A recipe for easy deviled eggs topped off with crumbled bacon. These bacon deviled eggs make a great appetizer or snack!
I think one of my favorite memories of Easter was when my mom would use some of the leftover hard boiled eggs to make deviled eggs. She never really had a specific recipe, but they always came out perfect. Of course, I was always more than happy to eat them too. I’ve loved food since a young age, my friends. Not much has really changed since then either.
When going over recipe ideas the other weekend, I realized it had been a very long time since I’ve had deviled eggs. I figured with Easter coming up soon, it would be a perfect time to make some. Plus, I get to eat them all too.
These deviled eggs are a really great way to use up leftover hard boiled eggs from Easter. If you don’t have any hard boiled eggs, I’ve also included instructions in the notes section of the recipe for my favorite way to make them. It’s super easy and they always come out perfect.
I used a piping bag to pipe the filling into the egg whites and make them a little prettier. If you don’t have a piping bag, a ziplock bag with the corner snipped off works great as well. You can also just spoon the mixture into the egg whites too.

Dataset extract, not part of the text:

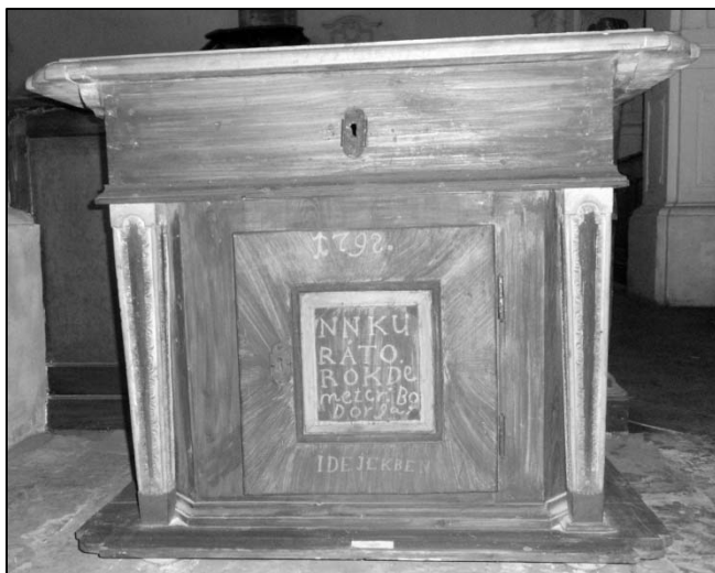
Úrasztala (Takácsi, 1792) (Pápai Református Gyűjtemények, Múzeum)

- 6 large eggs, hard boiled and peeled
- ¼ cup mayo
- 1 teaspoon yellow mustard
- pinch of salt
- 2 slices bacon, cooked and crumbled
- Cut the eggs in half and scoop out the egg yolks.
- Add the yolks to a large bowl along with the mayo, yellow mustard, and salt. Mash everything together well with a fork until it has reached your desired consistency.
- Add the mixture to a piping bag and pipe into the prepared egg whites (you can also just spoon the mixture into them as well).
- Evenly distribute the crumbled bacon over all of the deviled eggs.